3. What Counts as Journalism or a Documentary Anymore?
- Edelman and Remnick debate the dilution of standards in both journalism and documentary filmmaking:
- "Everything's a documentary now. Much like everyone who has a microphone is a journalist." – Pablo Torre (19:51)
- Edelman attributes this erosion to the commodification and self-curation of narrative by celebrities and athletes.
- Remnick draws a historical parallel to the glorified, if biased, NFL Films of his youth, and laments how access and independence have sharply declined (23:04).
- The discussion turns to present-day streamers’ flood of “hagiographic” (overly flattering) content under the documentary label (21:24).
- Edelman, as a filmmaker, shares skepticism about compromising artistic and journalistic independence for access, describing industry pressure to "grow up a little bit" and accept transactional filmmaking:
"What happened to actually having some level of independence between a subject and the filmmaker?" – Ezra Edelman (28:50)

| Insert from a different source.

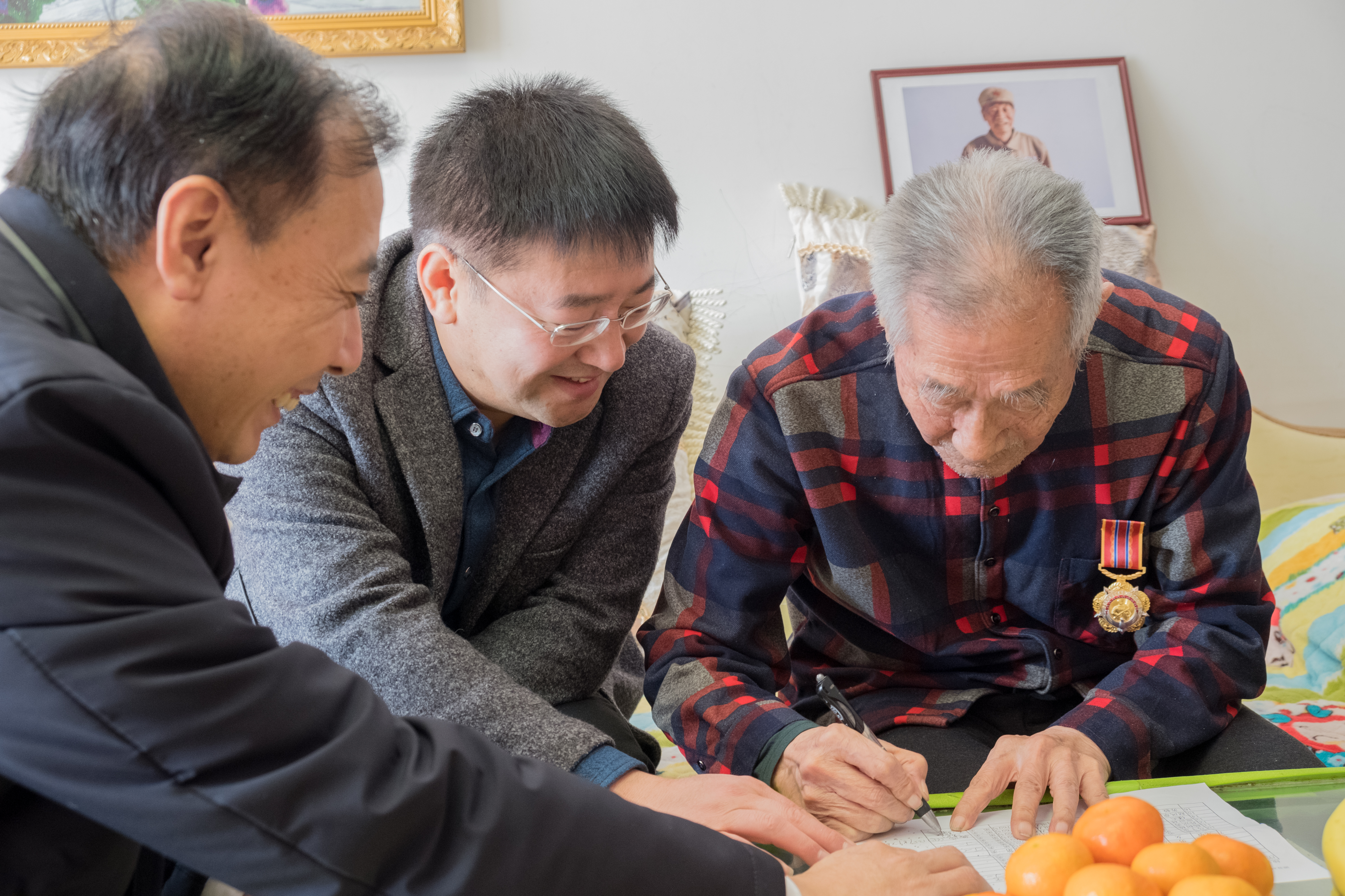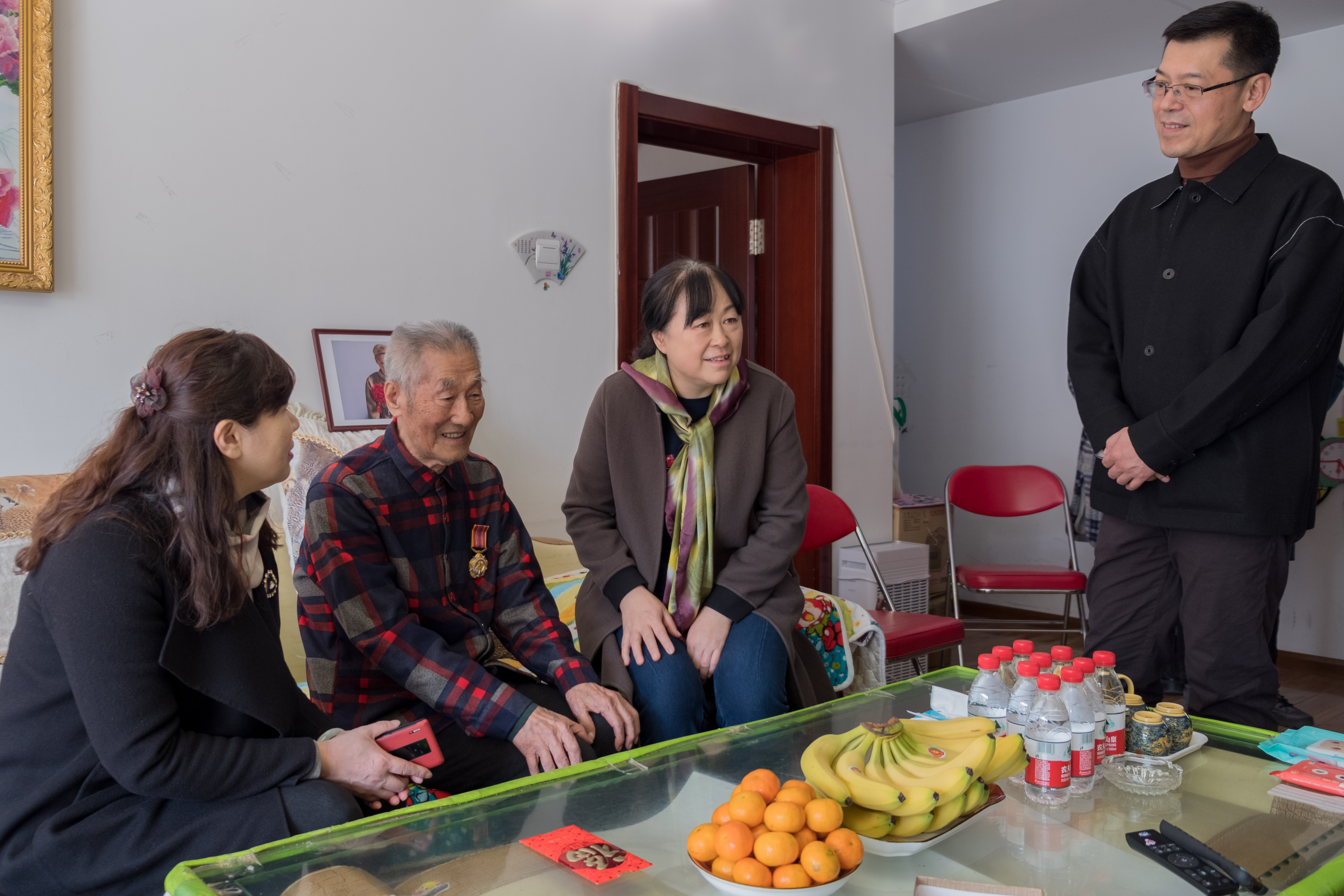 10月30日上午,太阳成集团tyc151cc本科生第一党支部李亚琴老师、刘宇飞老师同部分员工党员,与教工党支部党员一起在护理公司党委书记席海涛老师和新民校区离退休办公室主任陈彦强老师的带领下,看望抗美援朝老兵赵风章同志。赵风章同志年轻时曾是白求恩医科大学的一位老师,87岁的他见到意气风发的年轻后辈们倍感高兴。在热烈地交流过程中,赵老师同大家分享了年轻时参军、参加抗美援朝战争的经历和在白医大执教时的种种故事。听完赵老师的经历,同志们百感交集,敬佩之情油然而生。他不仅是一名爱好和平保家卫国的战士,他也是三尺讲台上辛勤的指路明灯,他更是年轻一代应当学习的英雄榜样。交谈的最后,赵老师予以年轻党员殷切的嘱托,他鼓励员工党员们积极向上,工作学习中敢于直面困难、勇往直前。青年一代有理想,有担当,祖国便有了希望,同志们纷纷表示要在实践中不断提升自我,为祖国的和平与发展努力,为实现伟大复兴中国梦不懈奋斗。

4. Access, Control, and the End of Independent Journalism
- Remnick shares a “LeBron James” story illustrating the shift: even prominent journalists are declined access in favor of athletes' self-controlled messaging (25:01):
“If we want to get our message to our fans... it's done. If we want to tell our story, we'll call the ghostwriter of the moment... What they don't want is the intermediary of a writer or a filmmaker of any independence. That was the end of that.” (25:36)
- Edelman reflects on the impossibility of returning to times when journalists actually interpreted their subjects, rather than merely transmitting PR:
"The subject is often not the best arbiter of what is interesting about them. And I feel like... that is such a remarkable loss." – Pablo Torre (32:47)
- The guests highlight the particular candor and vulnerability still offered by boxers and some fighters, in contrast to media-trained athletes in other sports (38:40).
5. Nostalgia for Old Journalism and Culture
- The panel reminisces about the giants of postwar sportswriting (Shirley Povich, Tony Kornheiser, Michael Wilbon, etc.) and their institution-building role (34:10).
- Remnick shares a favorite Povich story and laments how “an editor is only a mouse training to be a rat,” a quote that continues to haunt him (36:44).
6. Data, Metrics, and Editorial Judgment
- The group critiques the rise of "data-driven" editorial decisions, arguing this approach kills surprise and thoughtful judgment:
“If I were to just publish the things that I knew would do well in terms of clicks, we would be a very different magazine.” – David Remnick (43:48)
- Edelman and Torre both advocate for the creation and protection of “premium things,” media offerings unpredictable and distinct from commoditized digital content (47:40).
7. Hypocrisy, Complicity, and the Limits of Purity
- Edelman and Remnick discuss the impossibility (and futility) of absolute purity in the modern commerce-driven ecosystem (“I buy my books on Amazon, too.”), echoing personal contradictions and broader societal ones (48:28).
- Remnick says:
“Unless you're a Carmelite nun, unless you live entirely apart from modernity... sooner or later you're paying.” (49:34)
- Edelman worries:
"It's then the normalization of that happens where you... accept... all this that gets put out, I can't not consume it because that's what's there. And I'm like, no." (50:23)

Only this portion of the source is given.